### Entries taken from a collection:
----------------------------------------

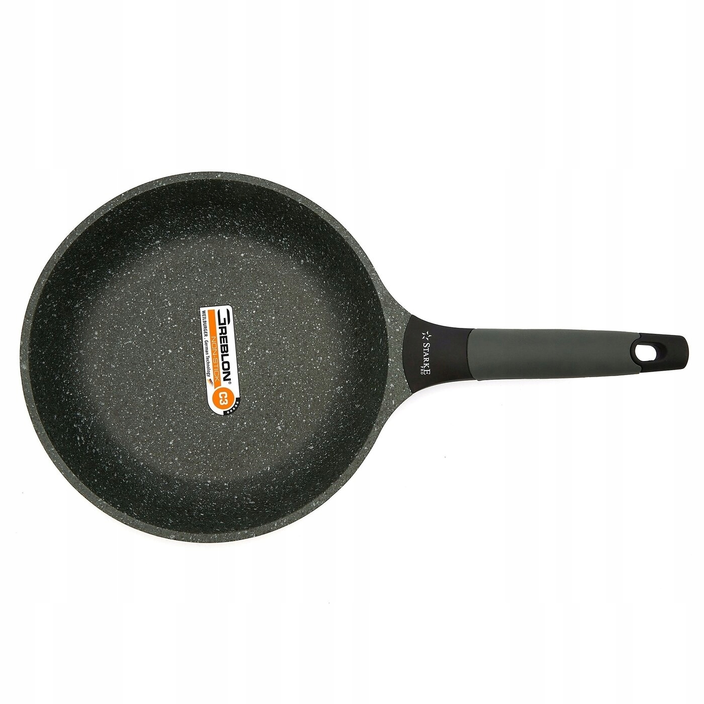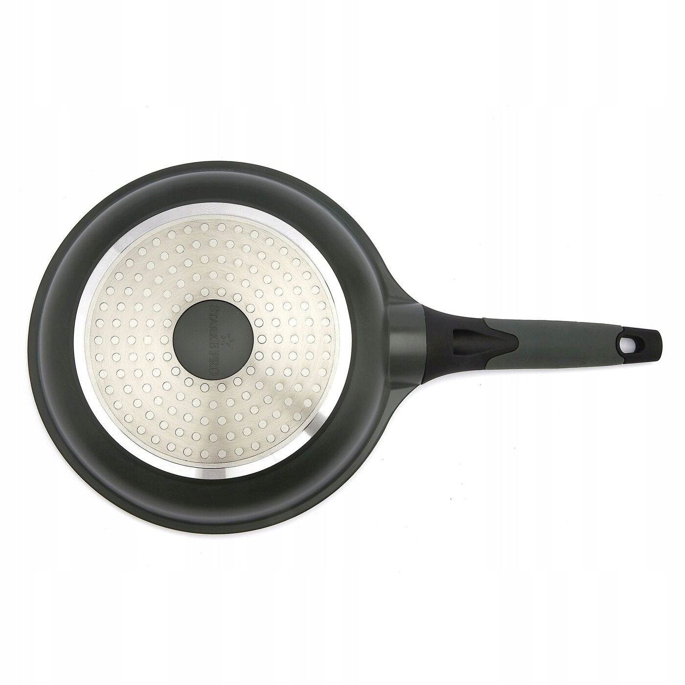 Универсальные мраморные индукционные сковороды Starke Pro Viridi 20/24/28 см изготовлены из алюминия. Для их создания использовалась технология гомогенного литья под давлением. Благодаря этому они идеально сбалансированы и очень прочны с точки зрения механических и термических свойств. Повышенную долговечность обеспечивает также термостойкая силиконовая краска, покрывающая корпуса снаружи. Внутренняя часть сковороды отделана мраморным покрытием GREBLON C3, обогащенным гранитными частицами. Его высокое качество, отличная адгезия, твердость и трехслойная структура разработаны немецкой компанией WEILBURGER. Он также имеет маркировку PFOA Free. Энергоэффективность набора сковород обеспечивает индукционное дно толщиной 4,5 мм. Благодаря этому вы можете использовать 3 мраморные сковороды Viridi на любой плите. Антипригарное покрытие также позволяет жарить с небольшим количеством жира и упрощает уход. Она выдерживает до 8000 циклов истирания, что в четыре раза больше, чем у обычных сковородок с антипригарным покрытием, доступных на рынке. Переносить и пользоваться посудой облегчают мягкие на ощупь ручки, которые не нагреваются и не выскальзывают из рук. С ними вы создадите свой собственный набор кухонной утвари серии Viridi — для домашнего использования ее рекомендует Петр Кучарский, лично проверивший возможности и качество мраморных сковородок. Гарантия на изделие составляет 5 лет. Кроме того, вы сможете точно дозировать сыпучие и жидкие ингредиенты, используя 5 кухонных мерных стаканчиков (1,25–15 мл). Набор позволит вам долгие годы правильно обустраивать домашнюю кухню.
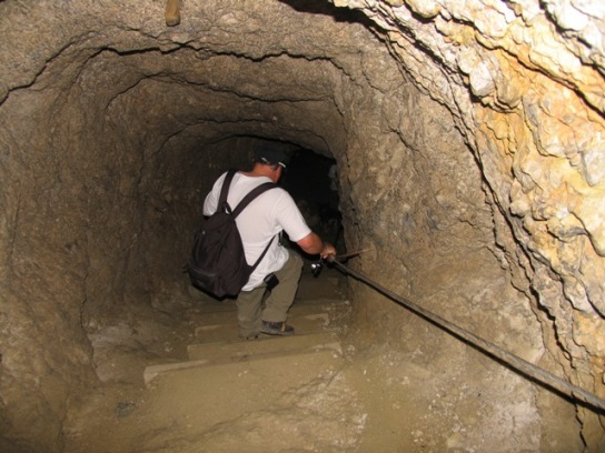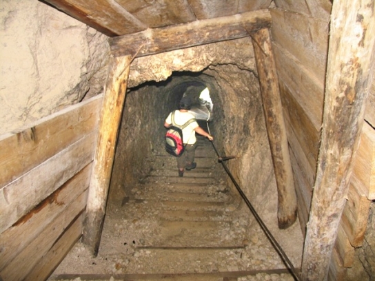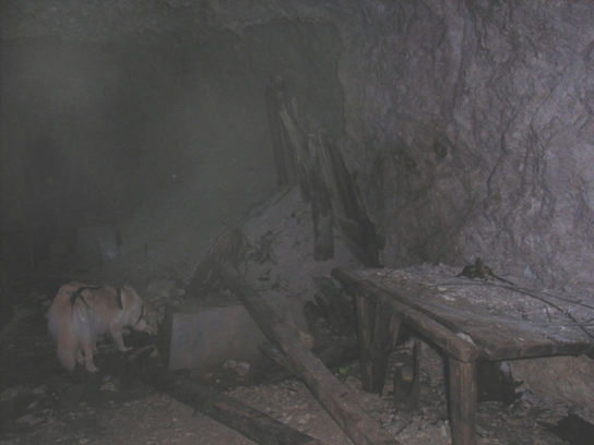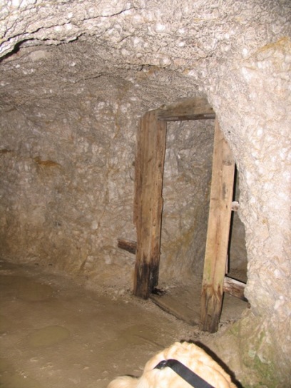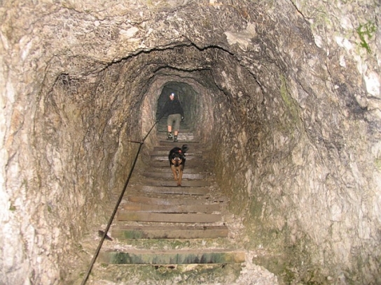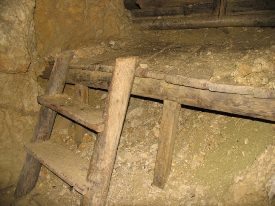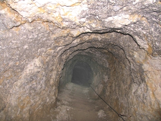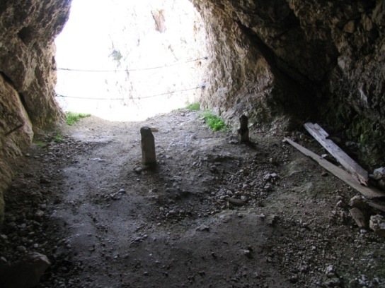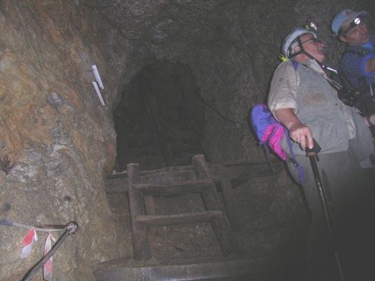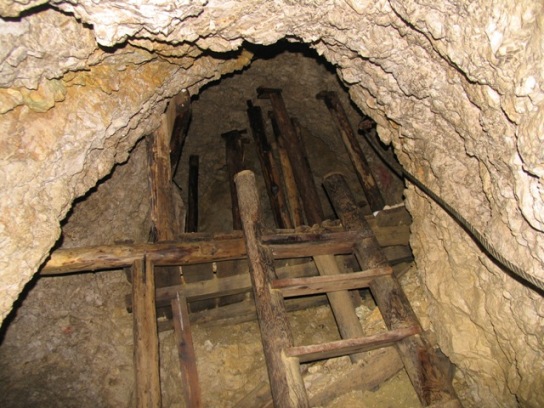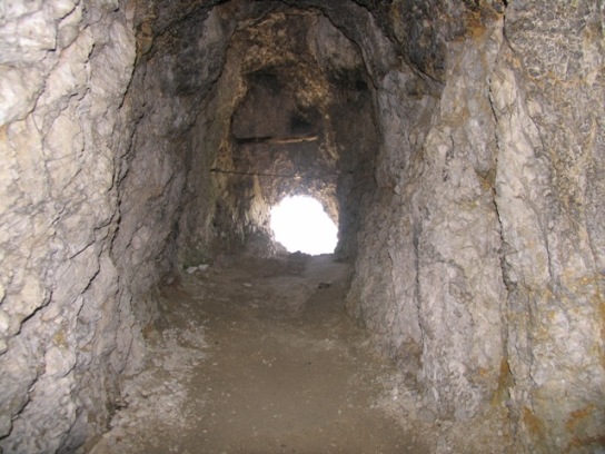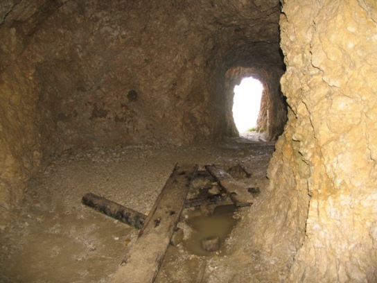Der Untere Teil des Lagazouistollen hinab bis zum Felsband, dem ältesten Teil der
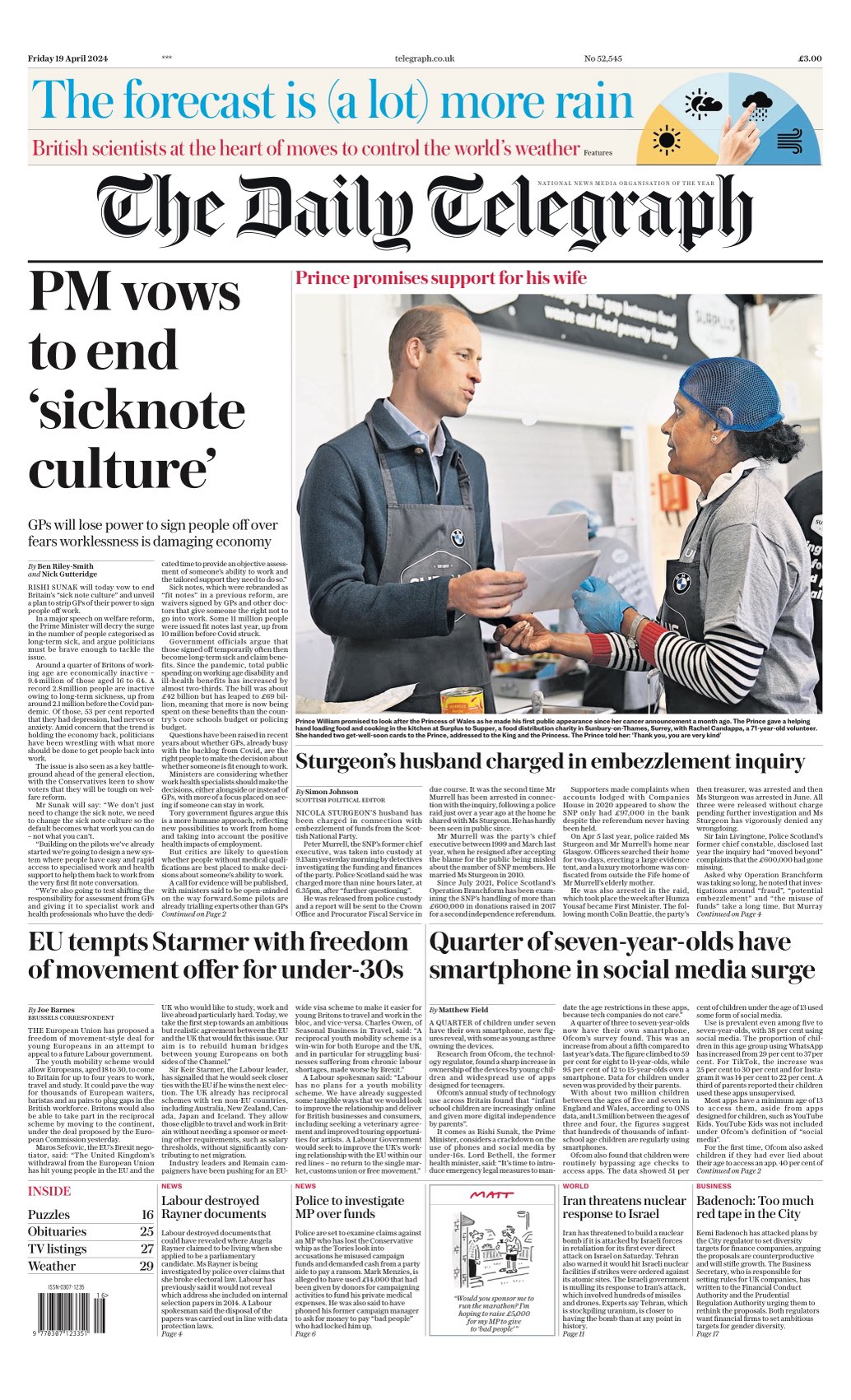 The Daily Telegraph reports on the prime minister’s pledge to halt the UK’s “sick note culture” by preventing GPs from signing people off work.
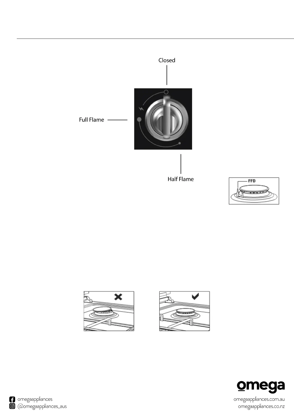 4. Before operating your hob please make sure that the burner caps are well positioned. The right
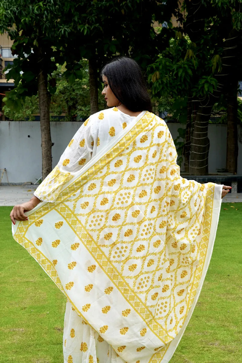 Dupatta Fabric : Cotton | Dupatta Length : 2.5 Mtr | Dupatta Color: White | Dupatta Work – All Over Floral Print

----------------------------------------

### Task to complete:
Output every record above word for word, omitting any pictures they contain.

### Solution below:
 Универсальные мраморные индукционные сковороды Starke Pro Viridi 20/24/28 см изготовлены из алюминия. Для их создания использовалась технология гомогенного литья под давлением. Благодаря этому они идеально сбалансированы и очень прочны с точки зрения механических и термических свойств. Повышенную долговечность обеспечивает также термостойкая силиконовая краска, покрывающая корпуса снаружи. Внутренняя часть сковороды отделана мраморным покрытием GREBLON C3, обогащенным гранитными частицами. Его высокое качество, отличная адгезия, твердость и трехслойная структура разработаны немецкой компанией WEILBURGER. Он также имеет маркировку PFOA Free. Энергоэффективность набора сковород обеспечивает индукционное дно толщиной 4,5 мм. Благодаря этому вы можете использовать 3 мраморные сковороды Viridi на любой плите. Антипригарное покрытие также позволяет жарить с небольшим количеством жира и упрощает уход. Она выдерживает до 8000 циклов истирания, что в четыре раза больше, чем у обычных сковородок с антипригарным покрытием, доступных на рынке. Переносить и пользоваться посудой облегчают мягкие на ощупь ручки, которые не нагреваются и не выскальзывают из рук. С ними вы создадите свой собственный набор кухонной утвари серии Viridi — для домашнего использования ее рекомендует Петр Кучарский, лично проверивший возможности и качество мраморных сковородок. Гарантия на изделие составляет 5 лет. Кроме того, вы сможете точно дозировать сыпучие и жидкие ингредиенты, используя 5 кухонных мерных стаканчиков (1,25–15 мл). Набор позволит вам долгие годы правильно обустраивать домашнюю кухню.
Der Untere Teil des Lagazouistollen hinab bis zum Felsband, dem ältesten Teil der
 The Daily Telegraph reports on the prime minister’s pledge to halt the UK’s “sick note culture” by preventing GPs from signing people off work.
 4. Before operating your hob please make sure that the burner caps are well positioned. The right
 Dupatta Fabric : Cotton | Dupatta Length : 2.5 Mtr | Dupatta Color: White | Dupatta Work – All Over Floral Print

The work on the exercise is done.